For the project, I modified the Wikipedia code from the web crawler/ web scraping notebook to scrape the data. 

Originally, with the curated collection, I wanted to see if there is a trend in the language used in marketing by comparing the frequency of the following in the donor description:

- Physical attributes (brown eyes, tall, full head of hair)
- Interests (long walks on the beach, likes chicken pot pies)
- Accomplishments (great at playing piano, math champion, can type 70 words per minute)

After increasing the dataset, now I am grouping donors by ethnic origins to see if I can analyze the dataset and find differences in marketing languages. I am also interested to see if certain keywords are used over and over.

In [1]:
import requests
from bs4 import BeautifulSoup

def extract_donor_info(donor_number):
    # The Cryobank donor urls and pages follow a consistent structure
    donor_url = f'https://www.cryobank.com/donor/{donor_number}'

    # Make a request to the Cryobank server and check to see we get a response
    response = requests.get(donor_url)
    if response.status_code != 200:
        return "Failed to retrieve the page."

    # Use beatiful soup to parse the HTML
    soup = BeautifulSoup(response.text, 'html.parser')

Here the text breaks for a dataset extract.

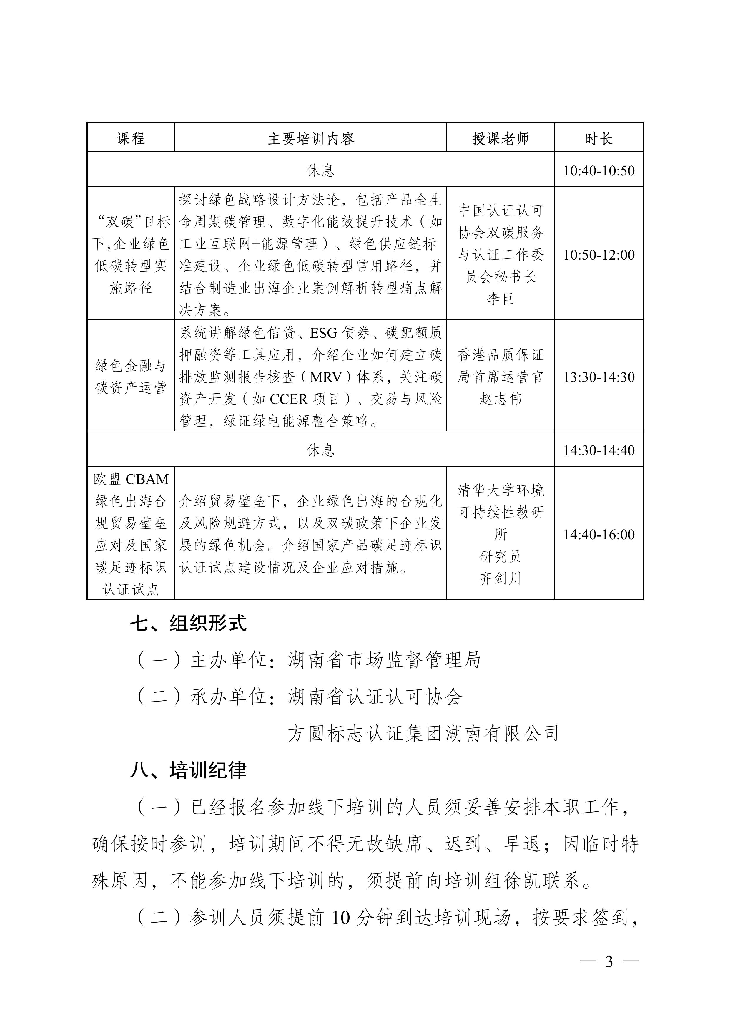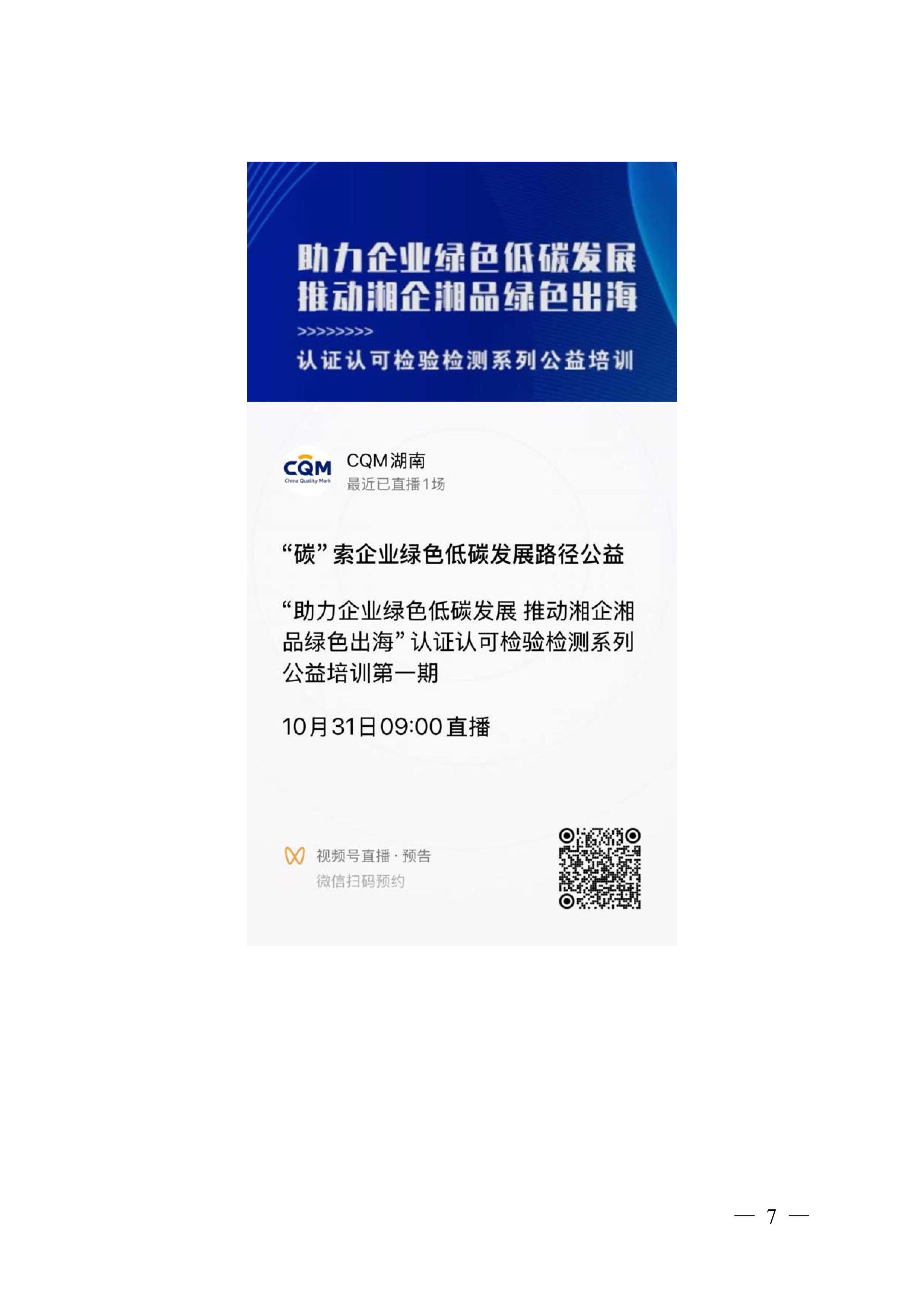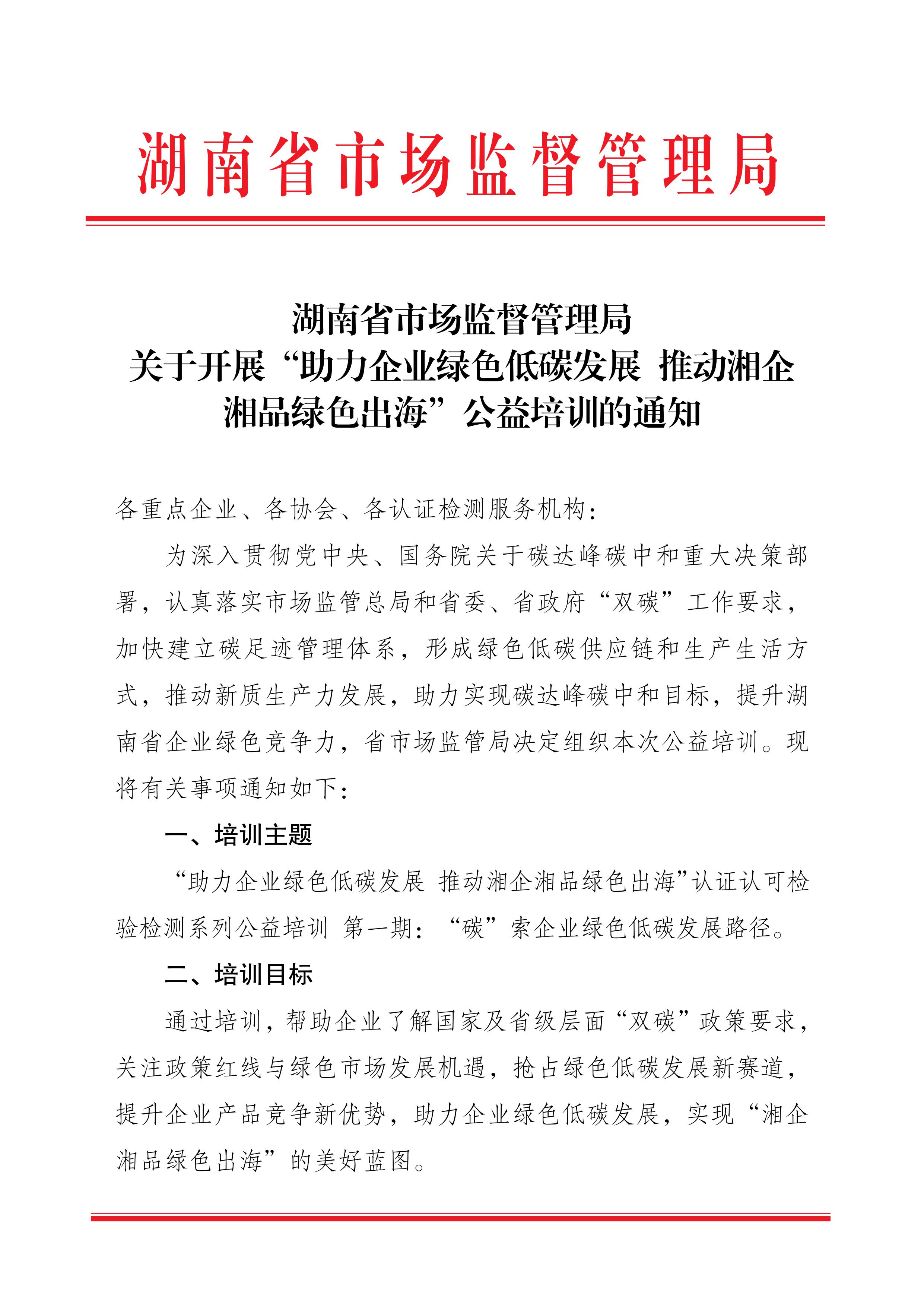 湖南省市场监督管理局 关于开展“助力企业绿色低碳发展 推动湘企 湘品绿色出海”公益培训的通知

    # Using the Developer Tool on my web browser, I found the content I want in the 3rd <h2> tag
    # In this part of the code, the function will find all the <h2> tag on the page
    h2_info = ""
    h2_tags = soup.find_all('h2')

    # The if/else condition will pull only the 3rd <h2> tag by specifying
    # if the <h2> tag index numbers are larger or equal to 3, pull only the second index <h2> tag
    if len(h2_tags) >= 3:
        h2_info = h2_tags[2].get_text()
    else:
        h2_info = "No third <h2> tag found"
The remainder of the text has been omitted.